### [Assigned task]
Starting at the line that contains "Personalised Angels Heart", transcribe each line exactly through the end of the data below, and skip any pictures.

### [Data below]
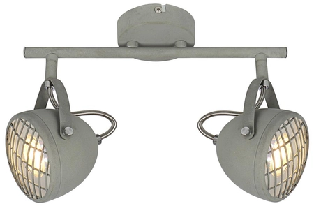 nowoczesna oprawa z metalowym kloszem zdobionym dekoracyjną kratką, w najmodniejszym w tym sezonie szarym stonowanym kolorze, imitującym beton; pasuje również do wnętrz w stylu industrialnym; posiada regulację klosza w dwóch płaszczyznach; możliwość zastosowania dowolnego źródła światła
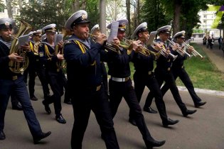Колонна курсантов Национального университета «Одесская морская академия» под музыкальный аккомпанемент оркестра торжественным маршем прошла по всей Одессе.
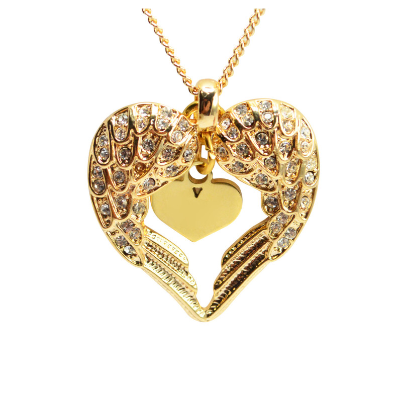 Personalised Angels Heart Necklace with Heart Insert - 18ct Gold Plated
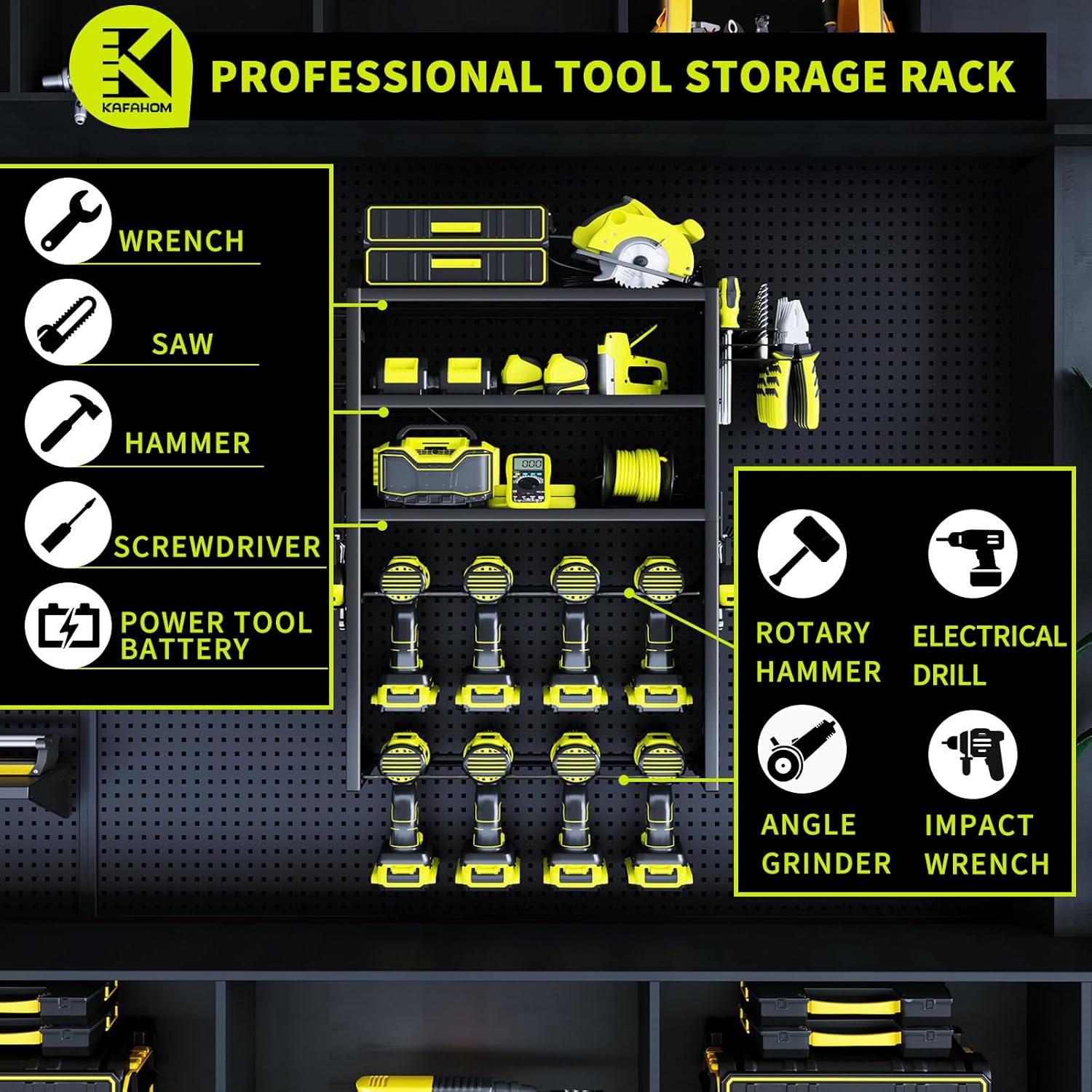 - COMPACT SOLUTION: KAFAHOM tool organization and storage has a high capacity for all your tools! With two downside racks, it can hold up to 8 drills and heavy-duty shanked power tools, while the 3 extra upper layers provide ample space for accessories such as hardware boxes, wrenches, screwdrivers, and pliers. With clever space design, our tool rack wall mount shelf helps free up space and keep your garage organization area clean and tidy.

### [Exercise output]
 Personalised Angels Heart Necklace with Heart Insert - 18ct Gold Plated
 - COMPACT SOLUTION: KAFAHOM tool organization and storage has a high capacity for all your tools! With two downside racks, it can hold up to 8 drills and heavy-duty shanked power tools, while the 3 extra upper layers provide ample space for accessories such as hardware boxes, wrenches, screwdrivers, and pliers. With clever space design, our tool rack wall mount shelf helps free up space and keep your garage organization area clean and tidy.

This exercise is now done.